**WHAT IS NEEDED**
Apart from the pictures, return every line of the listing exactly.

------ RAW DATA

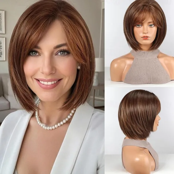 Bob Wigs for Women Synthetic Wig with Fringe Brown Color
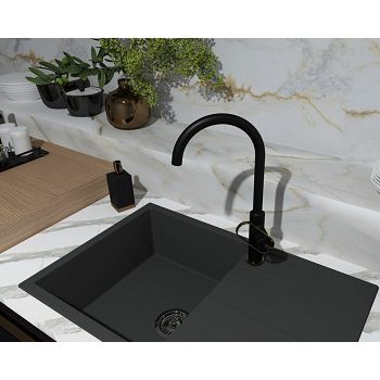 Voxort Tea Black visokotlačna miješalica za sudoper sa visokim i zaokretnim izljevom. Dolazi u kompletu sa dva priključna crijeva 3/8" x 50cm i priborom za montažu. Voxort Tea Black miješalica za sudoper je mat crne boje, izrađena od mesinga.
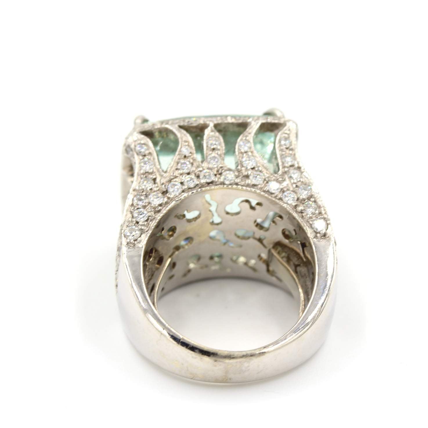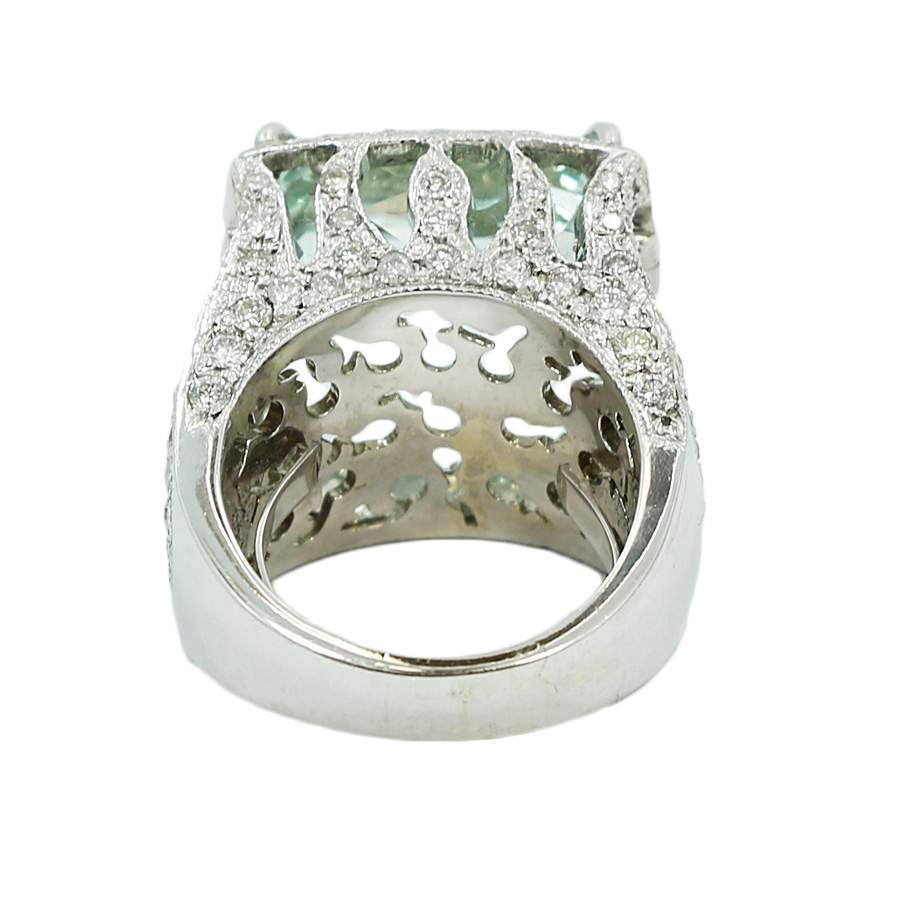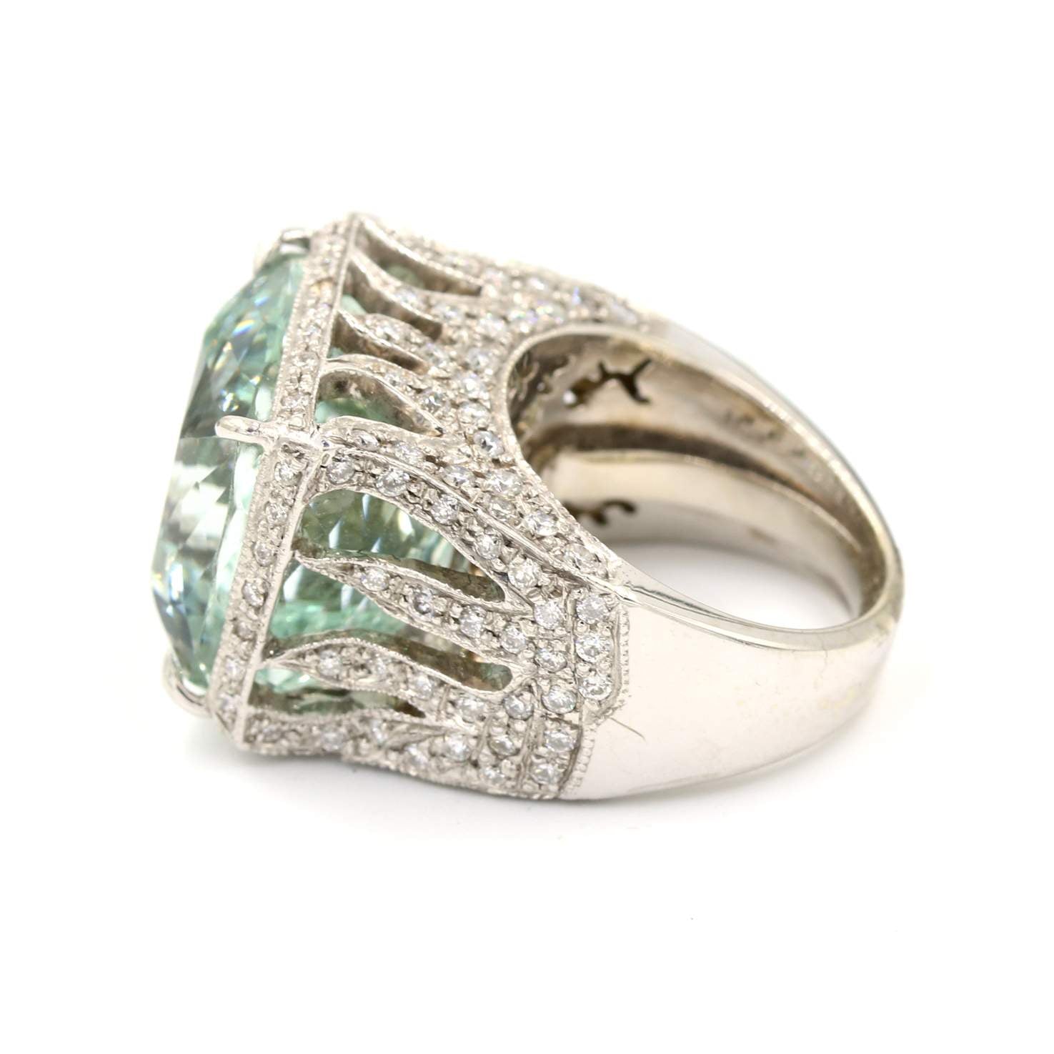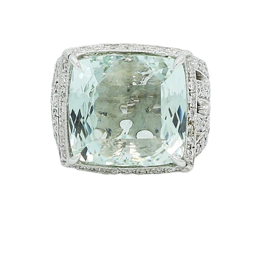 18 karat white gold custom made ring containing 24.59 carats of a center aquamarine surrounded by 1.55 carats of diamonds.

------------

**TASK RESULT**
 Bob Wigs for Women Synthetic Wig with Fringe Brown Color
 Voxort Tea Black visokotlačna miješalica za sudoper sa visokim i zaokretnim izljevom. Dolazi u kompletu sa dva priključna crijeva 3/8" x 50cm i priborom za montažu. Voxort Tea Black miješalica za sudoper je mat crne boje, izrađena od mesinga.
 18 karat white gold custom made ring containing 24.59 carats of a center aquamarine surrounded by 1.55 carats of diamonds.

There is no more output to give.